REQUIREMENT
Pictures stay out of the copy; set down each line of the listing below exactly.

EXERCISE DATA
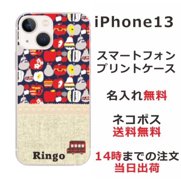 iPhone13 アイフォン13 らふら 名入れ スマホケース 北欧デザイン フルーツ ネイビー
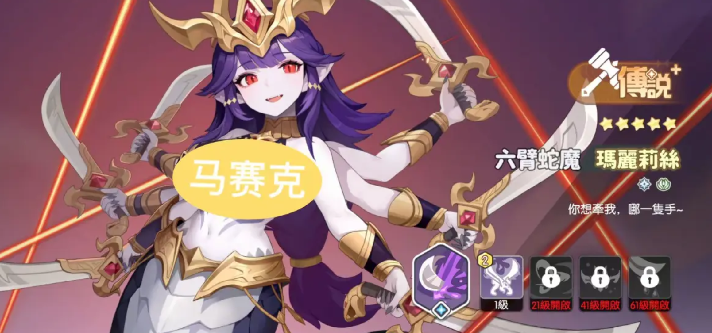 马丽莉丝以低血线换高爆发为核心逻辑:生命值低于40%时,普攻附加吸血与暴击率提升;奥义拥有超长前摇与高倍率伤害。该机制使其在PVP快节奏对抗中具备反杀潜力,但中期副本BOSS多段控制链极易打断其节奏,且传说品质带来的养成成本与其泛用性不匹配。
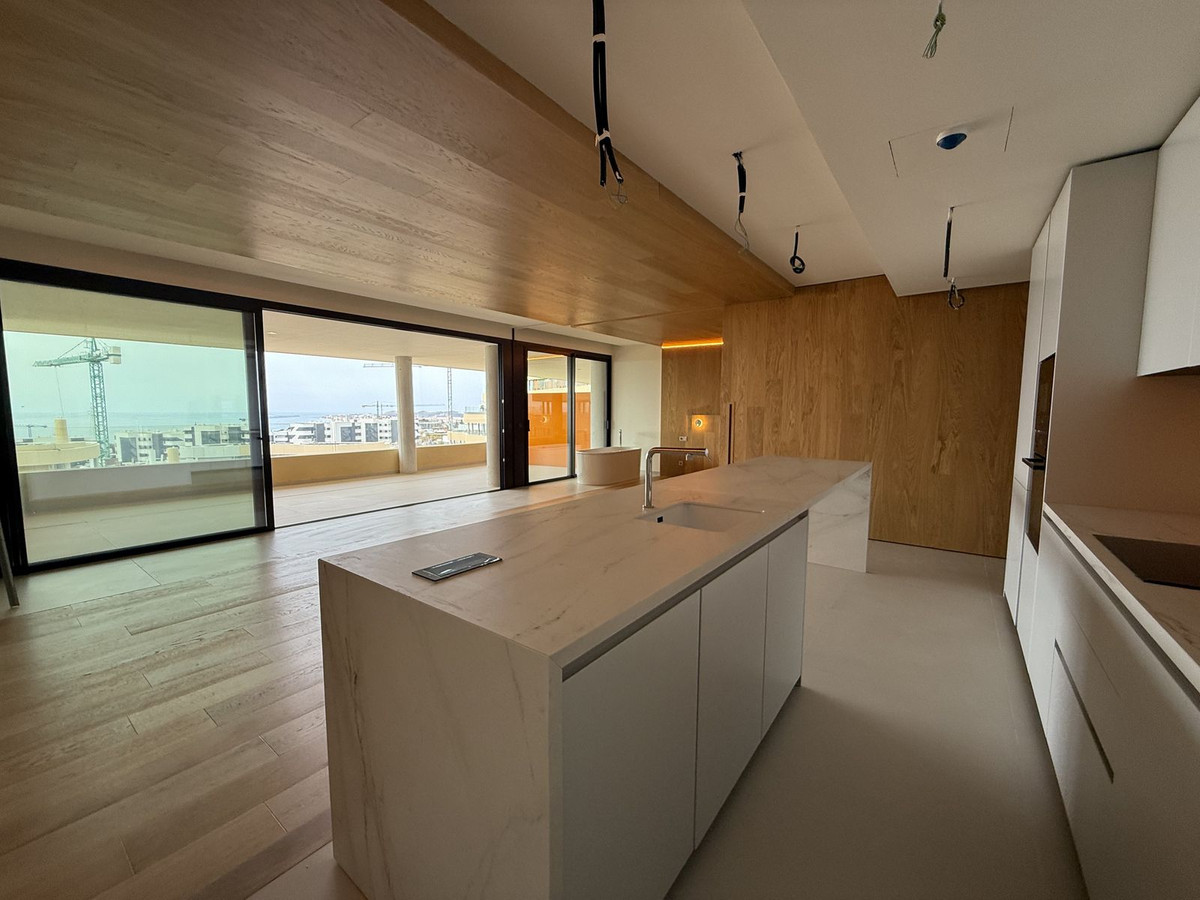 Be among the very first to reserve this stunning brand-new, just-completed 3-bed, 2-bath apartment. Spread across 140 m² built, the open-plan living and kitchen area is bright and spacious, with floor-to-ceiling sliding glass doors that seamlessly extend your living space onto the elegant terrace. From here — and from the living room itself — you'll enjoy beautiful views of the community pool and partial sea views, creating a serene, sunlit atmosphere throughout the day. Included are 2 corner-space parking bays, a private storage unit, and a pre-installed EV car charger — everything you need to move in with ease.

EXERCISE RESULT
 iPhone13 アイフォン13 らふら 名入れ スマホケース 北欧デザイン フルーツ ネイビー
 马丽莉丝以低血线换高爆发为核心逻辑:生命值低于40%时,普攻附加吸血与暴击率提升;奥义拥有超长前摇与高倍率伤害。该机制使其在PVP快节奏对抗中具备反杀潜力,但中期副本BOSS多段控制链极易打断其节奏,且传说品质带来的养成成本与其泛用性不匹配。
 Be among the very first to reserve this stunning brand-new, just-completed 3-bed, 2-bath apartment. Spread across 140 m² built, the open-plan living and kitchen area is bright and spacious, with floor-to-ceiling sliding glass doors that seamlessly extend your living space onto the elegant terrace. From here — and from the living room itself — you'll enjoy beautiful views of the community pool and partial sea views, creating a serene, sunlit atmosphere throughout the day. Included are 2 corner-space parking bays, a private storage unit, and a pre-installed EV car charger — everything you need to move in with ease.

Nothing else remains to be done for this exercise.